Since that tractor is built on the 3000 chassis you could swap the transmission pretty easily.
But remember: the clutch and flywheel always stay with the transmission. Always!
I disagree with Groo about the fuel.
That engine will run fine on any gas including ethanol mixed gas. If it must sit for some months add some Stabil to the fuel.
The power steering on that tractor is the exact same side arm style as was used on the early THREE cylinder 4000s. See photo. Very reliable but Seal kits, etc are still available from New Holland should you need them.
I am running the same front axle and steering as yours on a tractor I built out of parts and pieces - (not the blue one shown)


----------



## SidecarFlip (Mar 25, 2021)

Wow, a clean tractor.

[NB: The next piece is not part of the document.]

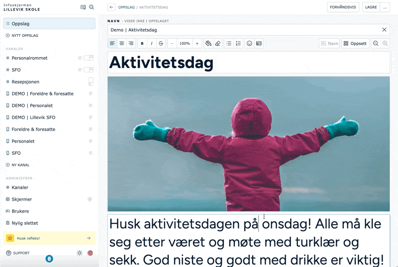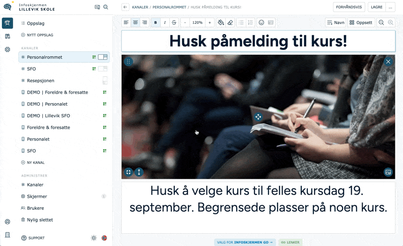 Pushvarslinger gjør det mulig å sende ut et varsel til brukere av Infoskjermen Go-appen om at det er publisert noe nytt på skjermen. En perfekt måte å dele informasjon med de som ikke befinner seg ved den fysiske infoskjermen! 📱💬

I'm impressed. Most of the ones pictured on this forum are filthy. I'd like to add, use the MARINE STABIL, not the red stinky stuff. The Marine Stabil is light years better, all I use.


----------



## TX MX5200 (May 12, 2020)

You may want to take a look at the edge blade on the bucket…it’s missing a bolt and looks like they recently did some repairs to it by welding the center…you want to make sure it’s secured to bucket with the bolts or it will pull thru the remaining bolt holes.


----------



## SidecarFlip (Mar 25, 2021)

Very observant. The wear bar is also very worn on the edge of the bucket.


----------



## TX MX5200 (May 12, 2020)

I also prefer the Marine Stabil (blue-grayish colored) for my gas equipment. It has better ethanol protection than the standard stabil pink . I get mine from Academy but they may carry it at auto part stores as well.

I don’t use it for my boat though as it sits longer than my other equipment in between use. I use a product named Valvtect that really stinks and is much more expensive, but test show it protects up to 80% longer than Marine Stabil if the testers reviews are to be trusted???

I also use Stabil Diesel in my tractor and buggy, which has a yanmar engine.


----------



## SidecarFlip (Mar 25, 2021)

The smell of the pink-red Stabil makes my stomach roll over...lol The Marine Stabil has no smell at all. Get mine at TSC when it's on sale. Don't have a boat. Have a motor but nothing to put it on....


----------



## pogobill (Jan 31, 2012)

I use the Stabil 360 in the car as I don't take it out often in the winter.


----------



## TX MX5200 (May 12, 2020)

SidecarFlip said:


> The smell of the pink-red Stabil makes my stomach roll over...lol The Marine Stabil has no smell at all. Get mine at TSC when it's on sale. Don't have a boat. Have a motor but nothing to put it on....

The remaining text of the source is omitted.